Received 6 June 2016;  received in revised form 24 June 2016; accepted 6 July 2016
Available online 16 July 2016

 

Abstract
One of the main thermophysical properties of liquid water is velocity of sound. However, the effect of different externalities on velocity of sound in liquid water is not well known. Therefore, in current study, by designing an artificial neural network (ANN) velocity of sound in liquid water under different externalities is predicted. Selected externalities are ambient temperature from 272.65 K to 348.43 K, different electrical fields in range of 0 V/m to 4.03E + 9 V/m and magnetic fields in range of 0–10.0594 T. To prepare of reference dataset for entry toANN, numerical and experimental data as macroscopic reference data are extracted from microscopic characteristic of water HB strength.
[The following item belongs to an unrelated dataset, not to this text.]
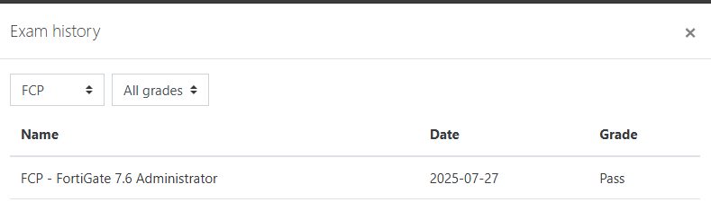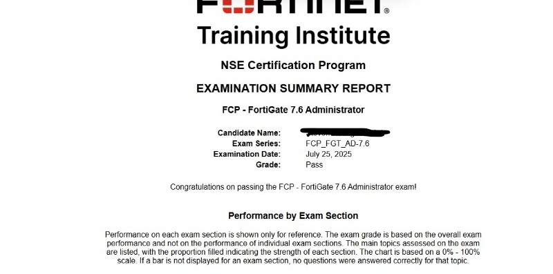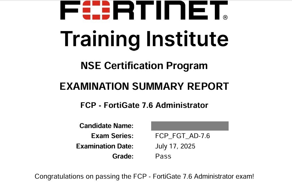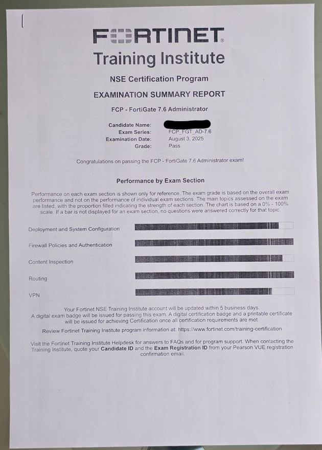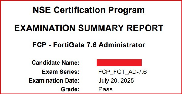 ● 100% Score in the Real Fortinet NSE 4 - FortiOS 7.6 Exam (NSE4_FGT_AD-7.6 exam) at the Pearson VUE Testing Center.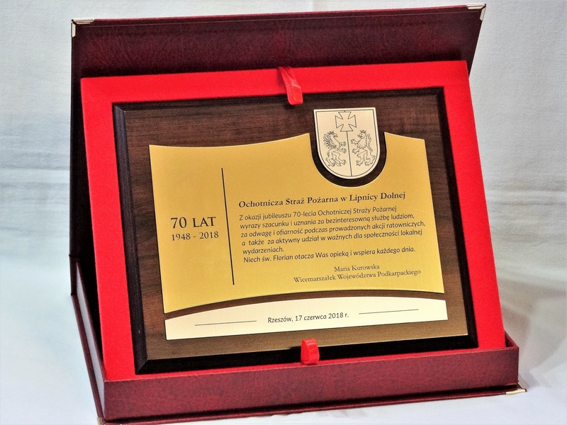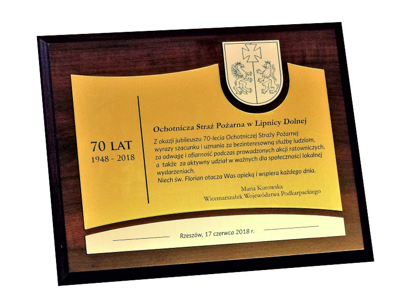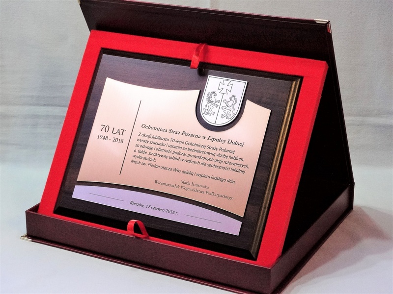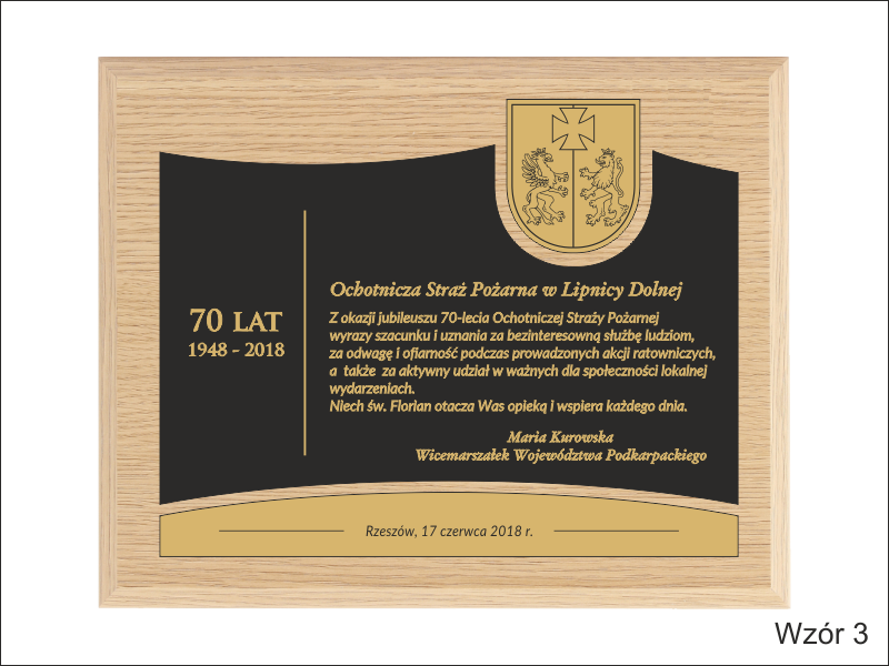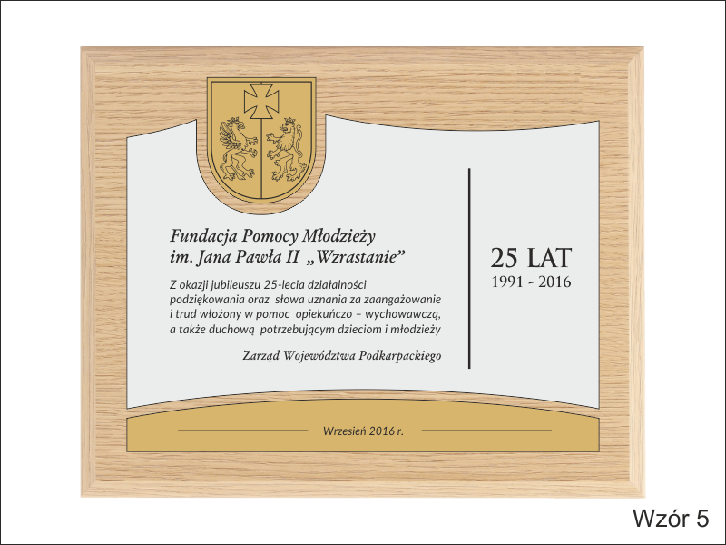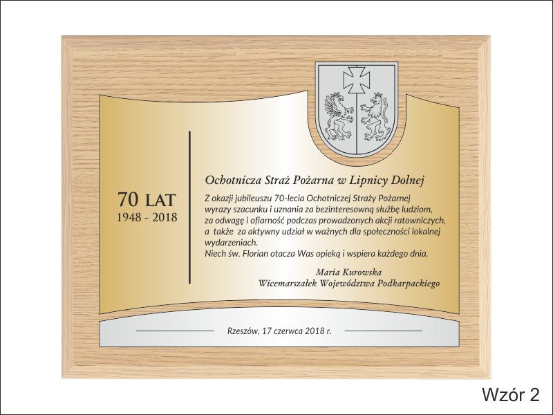 Pamiątkowy złożony dyplom okolicznościowy na standardowym drewnianym podkładzie z okazji jubileuszu funkcjonowania instytucji, składający się:

In order to achieve an appropriate ANN, ANN architecture sensitivity analysis is conducted by using an iterative algorithm. Learning procedure in the selected feed-forward back propagation ANN is done by hyperbolic transfer functions. Also, Levenberg–Marquardt algorithm is utilized for the optimization process. ANNs output showed that the maximum MSE in prediction of velocity of sound is 0.00066. Also, the minimum of correlation coefficient in prediction of velocity of sound is 0.99131. Based on the ANNs outputs, weights and bias, an equation to predict of velocity of sound in liquid water under intended externalities is proposed. Also, according to weight sensitivity analysis input of electrical fields with 63% relative importance percentage has a grater impression on the response variable of velocity of sound in liquid water.
© 2016 Shanghai Jiaotong University. Published by Elsevier B.V.
This is an open access article under the CC BY-NC-ND license (
http://creativecommons.org/licenses/by-nc-nd/4.0/ ).


Keywords: Artificial neural network; Electrical field; Magnetic field; Velocity of sound; Temperature.